One of the most impressive aspects of the book is the time span it deals with: beginning from 1900 and right up to 2008 or so. While it is not (and does not claim to be) a comprehensive economic history of this period of over a century, it deals with the end of the colonial era, concentrating on the guiding economic principles of that period, and shows what Independence meant to the performance of the economy. If a crucial indicator of economic performance is changes in per capita income, during the first half of the 20th century it was almost without any increase even though increase in population was negligible; even national income grew at less than 1 per cent per annum, indicating a stagnant economy moribund economy is how Balakrishnan describes it. The quickening of this moribund economy was the great achievement of the early Plan period, 1950 to 1964, appropriately designated the Nehru era. And the quickening was indeed significant, the growth rate of the period shooting up to 4.1 per cent a year (much higher than China's annual rate of 2.9 per cent during that period). Rightly does Balakrishnan claim it to be the mother-of-all turnarounds in this country.
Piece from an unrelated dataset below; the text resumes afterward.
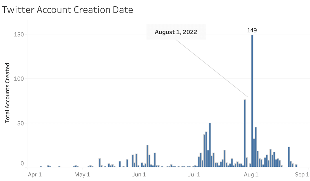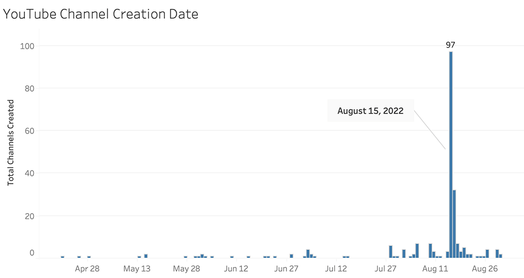 Graphika identified repeated evidence of batch account creations, a common indicator of coordinated activity. Of the 1,077 likely inauthentic Twitter accounts mentioned above, 1,023 were created between June - August this year, with 149 registered on the same day: Aug. 1. On YouTube, we identified 310 channels that had posted hashtags or key terms used in the campaign. Most of these were created between July and August, with 97 created on Aug. 15 alone.
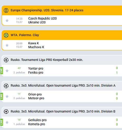 Live sázky mají na webových stránkách sázkové kanceláře obvykle vlastní sekci a u Mostbetu tomu není jinak. V nabídce najdete zápasy, které právě probíhají, a údaj o tom, v jaké sekci/minutě se nacházejí. Pak už stačí jen sledovat průběh zápasu a vývoj kurzů a vsadit si v ideální čas.

In the light of this quantitative performance, Balakrishnan makes a critical evaluation of the economic strategy of the period designated as the Nehru-Mahalanobis strategy with its emphasis on import-substituting industrial growth and on basic industries. These were required to stimulate the domestic factors, including domestic demand, for sustained long-term growth. Two other aspects of that growth strategy are commented upon and documented. The industry-centred strategy did not neglect agriculture, which too performed well during the period, thus showing a balanced growth. Second, while the substantial increase in public-sector investment was the driver of growth during this period, and there were some controls as continuations of war-time administration, it is not correct to say that the private sector was discouraged or that there was a licence raj' in place.

The author's main criticism of the socio-economic strategy of the period is that it did not pay sufficient attention to education, primary education in particular, the prime requirement for sustained long-term development.

End of the Nehru era

The second period examined is from 1965 to 1991. The end of the Nehru era altered the economic environment in the country, says the author. While Nehru used his political power to shape the kind of economic policy he thought was necessary for long-term growth and development, the common characteristics of the second period, which saw many regime changes, is that economic policies became instruments to gain and retain political power. This is best seen in the case of Indira Gandhi, who started out showing Left' leanings but easily took a Right' direction when she felt it politically necessary. It was during her first administration, when she relied heavily on the bureaucracy, that controls, interpreted as socialism, became the basis of economic policies. Planning lost its edge, and the public sector lost its capacity to invest. Having lost the capacity to steer, a strategy of command and controls was put in place, says Balakrishnan.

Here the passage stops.